Where a picture appears, leave it out, and print the rest of the records as they are.

Segment Start: INFORMATION PROVIDED

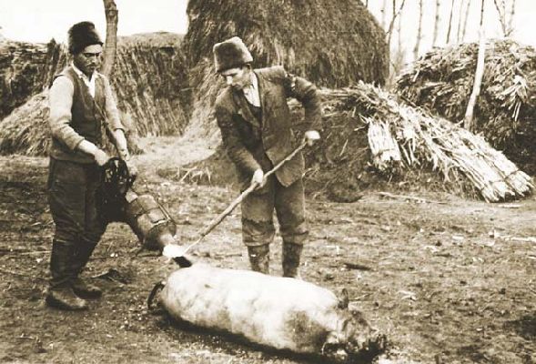 Kende 004, Disznótor, Körösök völgye, Békés Belencéres 1950, Békési István tanyáján Közreadja: Csabai Kolbászklub Egyesület 5600 Békéscsaba Szt. István tér 9. Tel:66/445-002
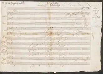 Masonic music has been defined as "music used in connection with the ritual and social functions of freemasonry."[1] Two major types of music used in masonic lodges are lodge songs, played to keyboard accompaniment before or after meetings, or during meals; and music written to accompany specific masonic ceremonies and events. Because the number 3 and the letter 'B' are of particular significance to freemasonry, music written in the keys of C minor or E flat major, which both involve 3 flats, (whose symbol '♭' resembles the lowercase letter 'b'), in their key signatures has been considered especially appropriate for masonic ceremonial music.[2]
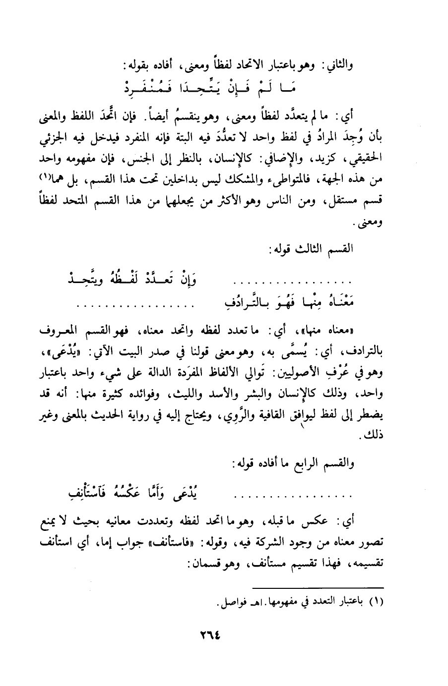 مَعْنَاهُ مِنْهَا أَي مَا تعدد لَفظه واتحد مَعْنَاهُ فَهُوَ الْقسم الْمَعْرُوف بالترادف أَي يُسمى بِهِ وَهُوَ معنى قَوْلنَا فِي صدر الْبَيْت الْآتِي يدعى وَهُوَ فِي عرف الْأُصُولِيِّينَ توالي الْأَلْفَاظ المفردة الدَّالَّة على شَيْء وَاحِد بِاعْتِبَار وَاحِد وَذَلِكَ كالإنسان والبشر والأسد وَاللَّيْث وفوائده كَثِيرَة مِنْهَا أَنه قد يضْطَر إِلَى لفظ ليُوَافق القافية والروي وَيحْتَاج إِلَيْهِ فِي رِوَايَة الحَدِيث بِالْمَعْنَى وَغير ذَلِك
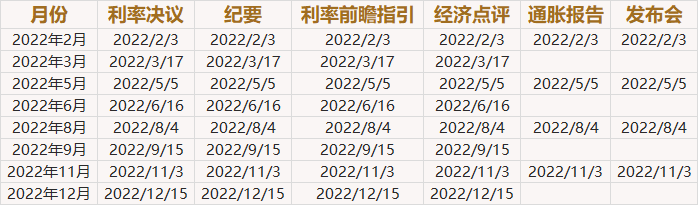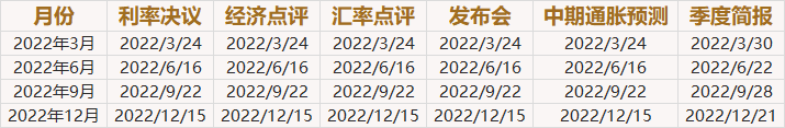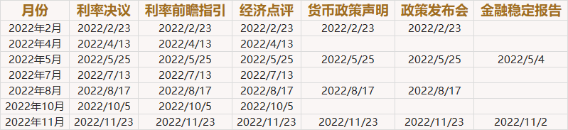 快收藏!2022年全球八大央行利率决议和纪要日程一览
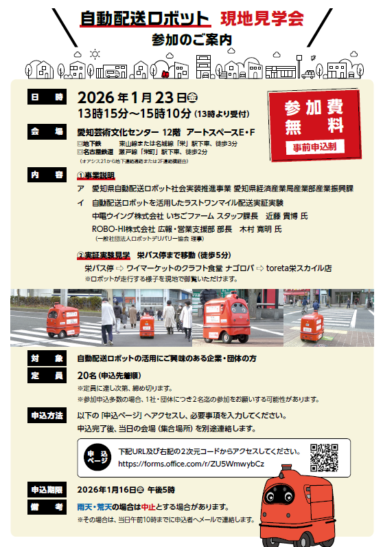 併せて、自動配送ロボットの活用可能性を知っていただくため、1月23日(金)に見学会を開催します。自動配送ロボットの活用に御興味・御関心のある小売事業者や物流事業者の皆様など、多くの方の御参加をお待ちしております。

Segment End: INFORMATION PROVIDED

YOUR RESPONSE:
 Kende 004, Disznótor, Körösök völgye, Békés Belencéres 1950, Békési István tanyáján Közreadja: Csabai Kolbászklub Egyesület 5600 Békéscsaba Szt. István tér 9. Tel:66/445-002
 Masonic music has been defined as "music used in connection with the ritual and social functions of freemasonry."[1] Two major types of music used in masonic lodges are lodge songs, played to keyboard accompaniment before or after meetings, or during meals; and music written to accompany specific masonic ceremonies and events. Because the number 3 and the letter 'B' are of particular significance to freemasonry, music written in the keys of C minor or E flat major, which both involve 3 flats, (whose symbol '♭' resembles the lowercase letter 'b'), in their key signatures has been considered especially appropriate for masonic ceremonial music.[2]
 مَعْنَاهُ مِنْهَا أَي مَا تعدد لَفظه واتحد مَعْنَاهُ فَهُوَ الْقسم الْمَعْرُوف بالترادف أَي يُسمى بِهِ وَهُوَ معنى قَوْلنَا فِي صدر الْبَيْت الْآتِي يدعى وَهُوَ فِي عرف الْأُصُولِيِّينَ توالي الْأَلْفَاظ المفردة الدَّالَّة على شَيْء وَاحِد بِاعْتِبَار وَاحِد وَذَلِكَ كالإنسان والبشر والأسد وَاللَّيْث وفوائده كَثِيرَة مِنْهَا أَنه قد يضْطَر إِلَى لفظ ليُوَافق القافية والروي وَيحْتَاج إِلَيْهِ فِي رِوَايَة الحَدِيث بِالْمَعْنَى وَغير ذَلِك
 快收藏!2022年全球八大央行利率决议和纪要日程一览
 併せて、自動配送ロボットの活用可能性を知っていただくため、1月23日(金)に見学会を開催します。自動配送ロボットの活用に御興味・御関心のある小売事業者や物流事業者の皆様など、多くの方の御参加をお待ちしております。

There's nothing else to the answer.